What you have to do: With pictures left out, output word for word the lines from the one containing "モミジが手水場の水受けに沈めてあったりと、趣というか、遊び心が楽しい。" through the end of the material below.

Source data:
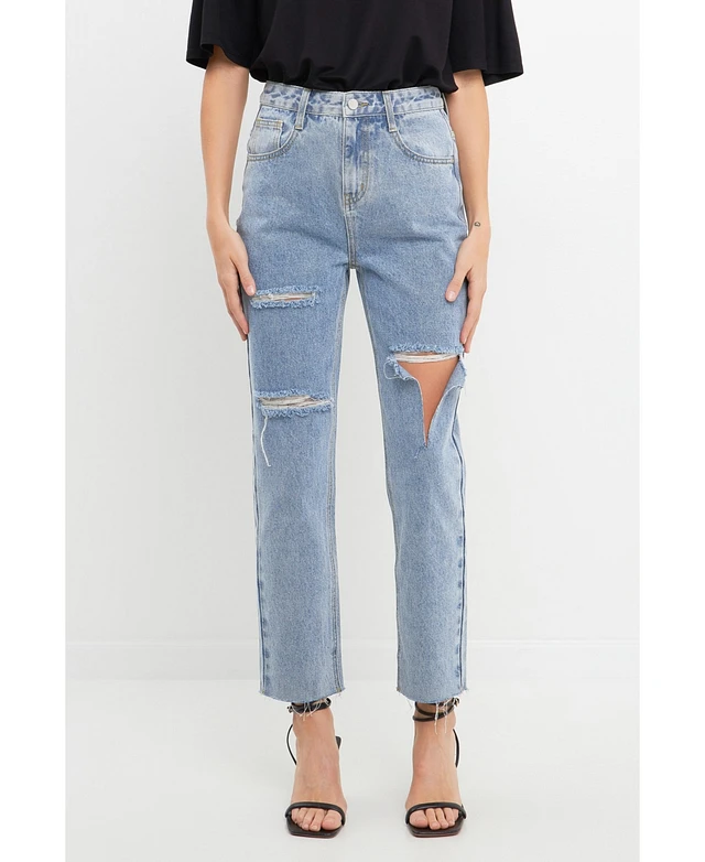 English Factory Women's Destroyed Mom Jeans
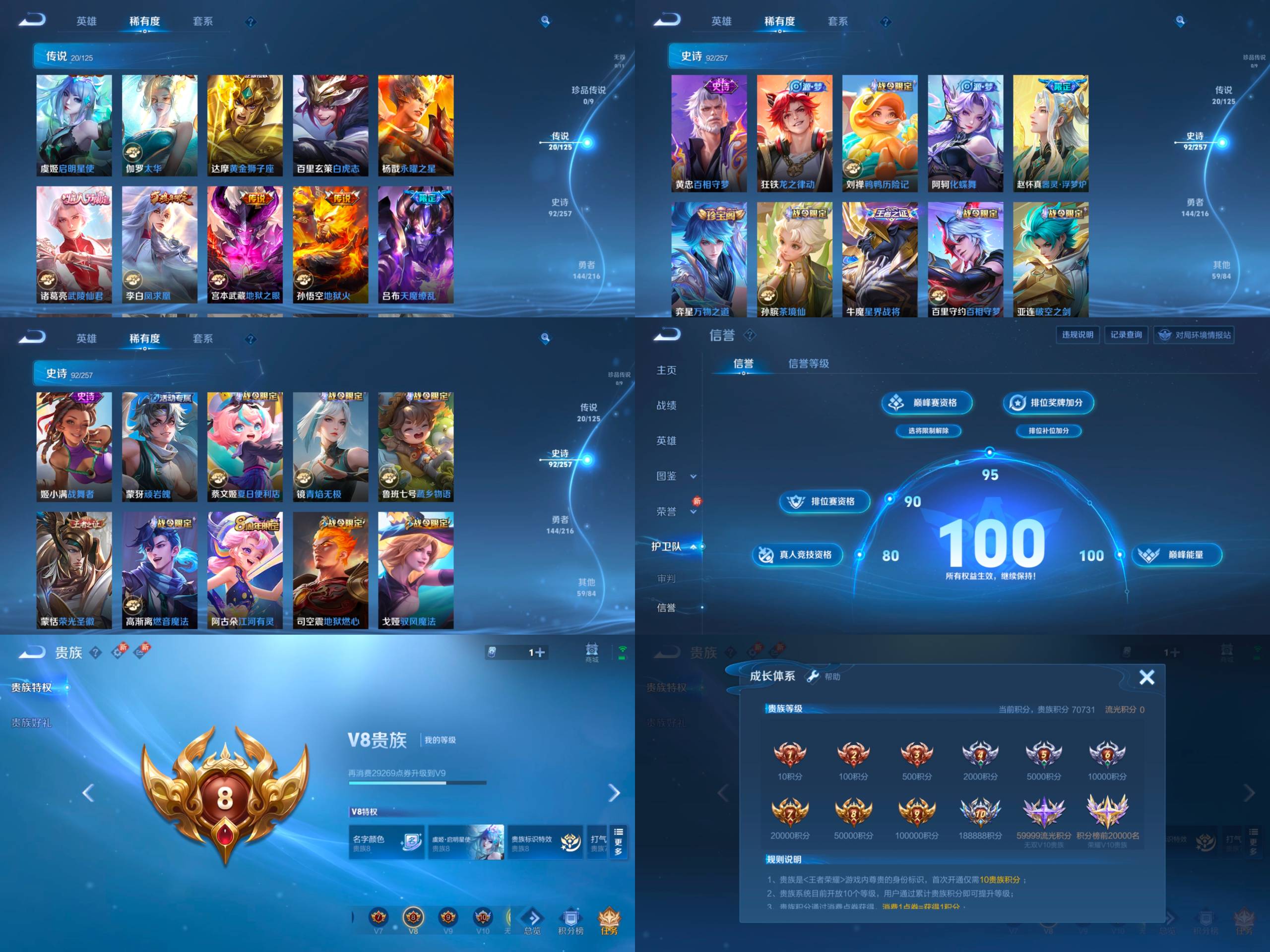 - [11657750]V6 6传说 124英雄 177皮肤 可修改实名 优质装备:地狱火,超时空战士-狄仁杰,诡秘之主 传说皮:九山相柳,幻光神枪 珍宝阁皮:蔷薇恋人,玩趣恶龙 限定皮:鸣野蒿,至尊宝,五谷丰年,李小龙 史诗皮:化蝶舞,星界战将,龙之律动,蒙犽顽岩魄,百相守梦-黄忠,织梦人,千年之狐,偶像歌手,末日机甲-吕布,猫狗日记-孙策,节奏热浪,摇滚巨星,水果甜心,心灵骇客,功夫厨神,鬼剑武藏,纤云弄巧,缤纷独角兽,乘风破浪,圣诞狂欢,鹰眼统帅,无心
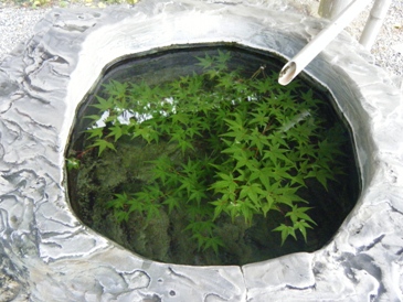 モミジが手水場の水受けに沈めてあったりと、趣というか、遊び心が楽しい。
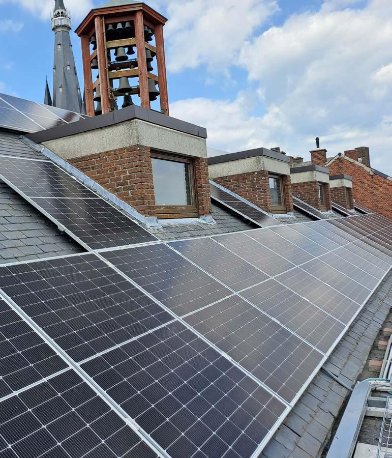 Het stadhuis kreeg op haar beurt een grondige dakrenovatie met isolatie, een nieuwe toplaag en zonnepanelen. Ook het dak van het aangrenzende Forum – dit gebouw is eigendom van de stad – werd aangepakt. De asbestleien werden verwijderd en zowel het hellend als plat dak werd geïsoleerd en afgewerkt met nieuwe roofing en kunstleien.

Finished task:
 モミジが手水場の水受けに沈めてあったりと、趣というか、遊び心が楽しい。
 Het stadhuis kreeg op haar beurt een grondige dakrenovatie met isolatie, een nieuwe toplaag en zonnepanelen. Ook het dak van het aangrenzende Forum – dit gebouw is eigendom van de stad – werd aangepakt. De asbestleien werden verwijderd en zowel het hellend als plat dak werd geïsoleerd en afgewerkt met nieuwe roofing en kunstleien.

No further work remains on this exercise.